### Goal of the exercise
What is needed is a word-for-word copy of all the entries, minus the pictures.

### The records
/---
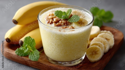 Delicious banana smoothie with walnuts and mint on wooden tray, healthy drink
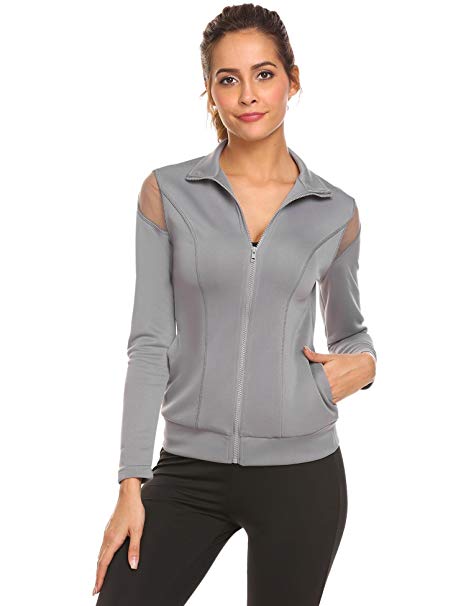 Zeagoo Women’s Lightweight Active Full Zip Up Mesh Running Workout Jacket with Pockets
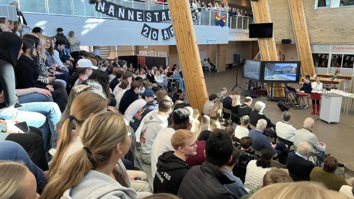 Nannestad markerte skolens 20-årsjubileum onsdag 19. mars i skolens fellesareal Fugleberget. Arrangementet var for skolens elever, ansatte og noen inviterte gjester, deriblant flere tidligere rektorer og kommune- og fylkespolitikere.
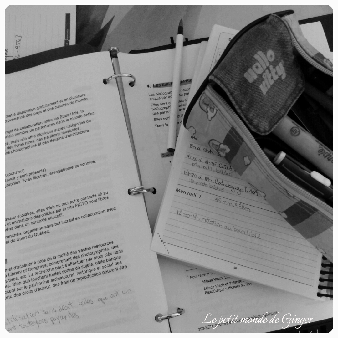 J’aime l’école. J’aimais travailler, mais je me sens beaucoup plus épanouie depuis que je suis retourné sur les bancs d’école. J’y resterais toute ma vie. Si je m’écoutais, j’irais faire ma maîtrise en bibliothéconomie…Mais outch, 5 ans d’étude encore ? Sans oublier que je n’ai jamais fait de cours universitaire et que ça me fait peur…Je ne suis pas particulièrement doué à l’école, je dois énorméement étudier, je n’ai aucune mémoire et les examens me stresses beaucoup…pas besoin d’ajouter que je détestais l’école quand j’étais plus jeune. Mais pourquoi pas faire un petit certificat ? À temps partiel, en travaillant…Pis tsé après 3 certificats, la maitrise est possible…mais bof, terminer mes études à 40 ans ? Je ne dois pas oublier que j’étudie pour travailler un jour, sans compter que je devrai rembourser mes prêts. Mais reste que j’apprécie beaucoup le fait d’être retourné aux études. J’ai une certaines flexibilité que je n’aurai pas au travail. Oui, j’ai parfois des journée de 8h à 20h, mais j’ai aussi des journées de congé dans le milieu de la semaine…Bref, je crois que tant que je ne suis pas dans le ”vrai monde”, je me sens en sécurité…
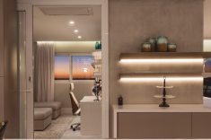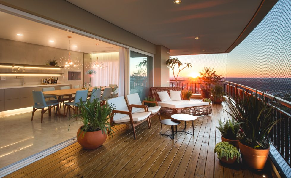 Entregue, ainda inacabado, aos profissionais, o apartamento recebeu algumas mudanças: paredes foram derrubadas ou movidas de lugar para permitir a integração e otimização dos ambientes. Todo o piso da área social e dos banheiros ganhou revestimento em mármore Branco Paraná Argento, enquanto o deck da sacada recebeu madeira natural para despertar uma reconexão com a natureza. A sacada principal ainda ganhou poltronas e chaises confortáveis combinadas a um jardim vertical, proporcionando um ambiente ideal para relaxar e receber amigos.
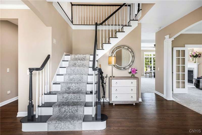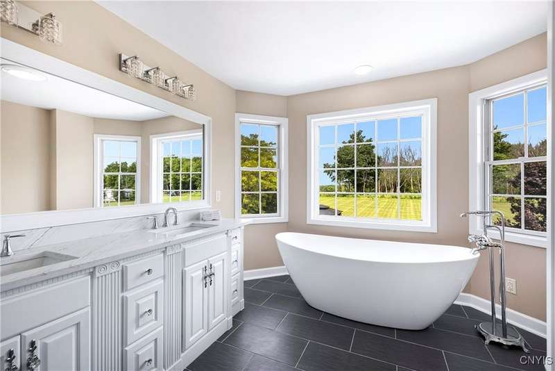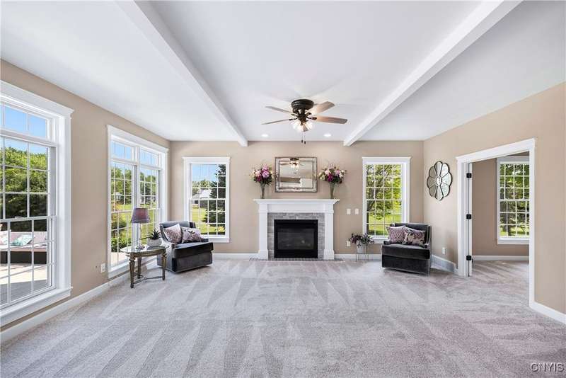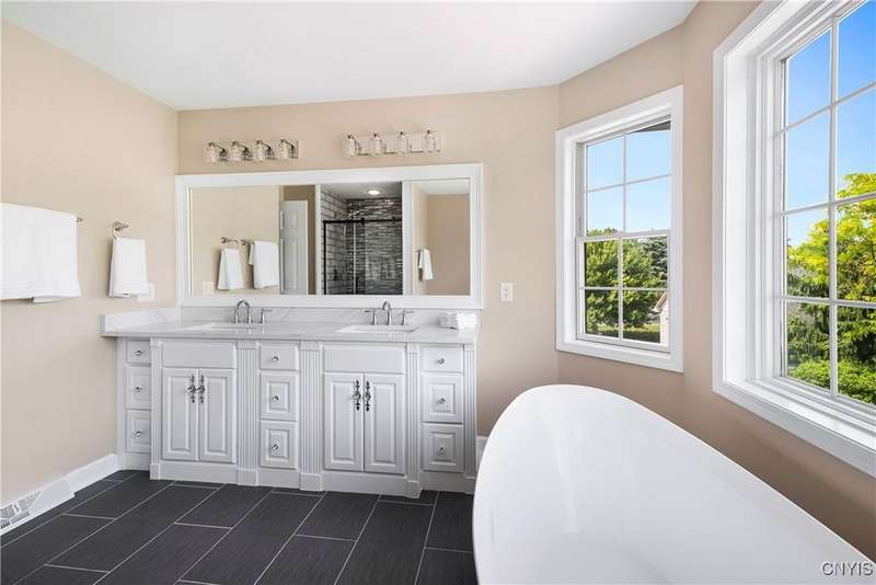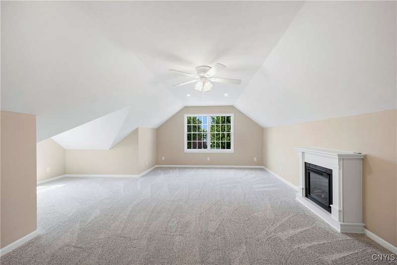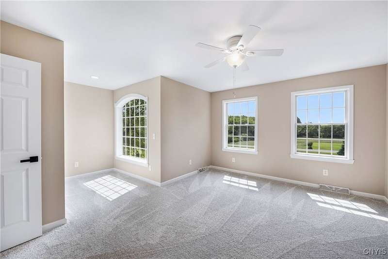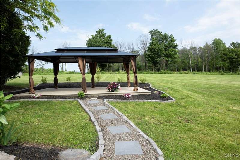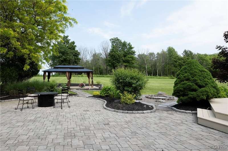 This magnificent custom-built Colonial residence is situated on over 18 acres of land, surrounded by beautifully landscaped grounds that enhance its overall curb appeal. The property features 4-5 bedrooms, two full bathrooms, and one half bathroom. As you step inside, you are greeted by a welcoming foyer, formal dining and living areas, and a recently updated kitchen with a convenient coffee station that flows into the cozy family room with a gas fireplace. The family room is bright and airy with plenty of windows and sliders that open up to the spacious back deck overlooking the lush yard. Additional amenities include a butler's pantry, mudroom with hooks, and a half bathroom. Upstairs, you will find a laundry room, a primary bedroom with an updated ensuite bathroom featuring a double vanity, soaking tub, tiled shower, water closet, and walk-in closet. There are also three more bedrooms, a bonus room above the garage that can serve as a fifth bedroom or office, and another updated full bathroom. The finished lower level offers an additional 1000 square feet of living space with a gas fireplace. Located in the award-winning Skaneateles school district and just a short drive away from schools and the village center, this exceptional property is truly a gem.
\---
### Answer area
 Delicious banana smoothie with walnuts and mint on wooden tray, healthy drink
 Zeagoo Women’s Lightweight Active Full Zip Up Mesh Running Workout Jacket with Pockets
 Nannestad markerte skolens 20-årsjubileum onsdag 19. mars i skolens fellesareal Fugleberget. Arrangementet var for skolens elever, ansatte og noen inviterte gjester, deriblant flere tidligere rektorer og kommune- og fylkespolitikere.
 J’aime l’école. J’aimais travailler, mais je me sens beaucoup plus épanouie depuis que je suis retourné sur les bancs d’école. J’y resterais toute ma vie. Si je m’écoutais, j’irais faire ma maîtrise en bibliothéconomie…Mais outch, 5 ans d’étude encore ? Sans oublier que je n’ai jamais fait de cours universitaire et que ça me fait peur…Je ne suis pas particulièrement doué à l’école, je dois énorméement étudier, je n’ai aucune mémoire et les examens me stresses beaucoup…pas besoin d’ajouter que je détestais l’école quand j’étais plus jeune. Mais pourquoi pas faire un petit certificat ? À temps partiel, en travaillant…Pis tsé après 3 certificats, la maitrise est possible…mais bof, terminer mes études à 40 ans ? Je ne dois pas oublier que j’étudie pour travailler un jour, sans compter que je devrai rembourser mes prêts. Mais reste que j’apprécie beaucoup le fait d’être retourné aux études. J’ai une certaines flexibilité que je n’aurai pas au travail. Oui, j’ai parfois des journée de 8h à 20h, mais j’ai aussi des journées de congé dans le milieu de la semaine…Bref, je crois que tant que je ne suis pas dans le ”vrai monde”, je me sens en sécurité…
 Entregue, ainda inacabado, aos profissionais, o apartamento recebeu algumas mudanças: paredes foram derrubadas ou movidas de lugar para permitir a integração e otimização dos ambientes. Todo o piso da área social e dos banheiros ganhou revestimento em mármore Branco Paraná Argento, enquanto o deck da sacada recebeu madeira natural para despertar uma reconexão com a natureza. A sacada principal ainda ganhou poltronas e chaises confortáveis combinadas a um jardim vertical, proporcionando um ambiente ideal para relaxar e receber amigos.
 This magnificent custom-built Colonial residence is situated on over 18 acres of land, surrounded by beautifully landscaped grounds that enhance its overall curb appeal. The property features 4-5 bedrooms, two full bathrooms, and one half bathroom. As you step inside, you are greeted by a welcoming foyer, formal dining and living areas, and a recently updated kitchen with a convenient coffee station that flows into the cozy family room with a gas fireplace. The family room is bright and airy with plenty of windows and sliders that open up to the spacious back deck overlooking the lush yard. Additional amenities include a butler's pantry, mudroom with hooks, and a half bathroom. Upstairs, you will find a laundry room, a primary bedroom with an updated ensuite bathroom featuring a double vanity, soaking tub, tiled shower, water closet, and walk-in closet. There are also three more bedrooms, a bonus room above the garage that can serve as a fifth bedroom or office, and another updated full bathroom. The finished lower level offers an additional 1000 square feet of living space with a gas fireplace. Located in the award-winning Skaneateles school district and just a short drive away from schools and the village center, this exceptional property is truly a gem.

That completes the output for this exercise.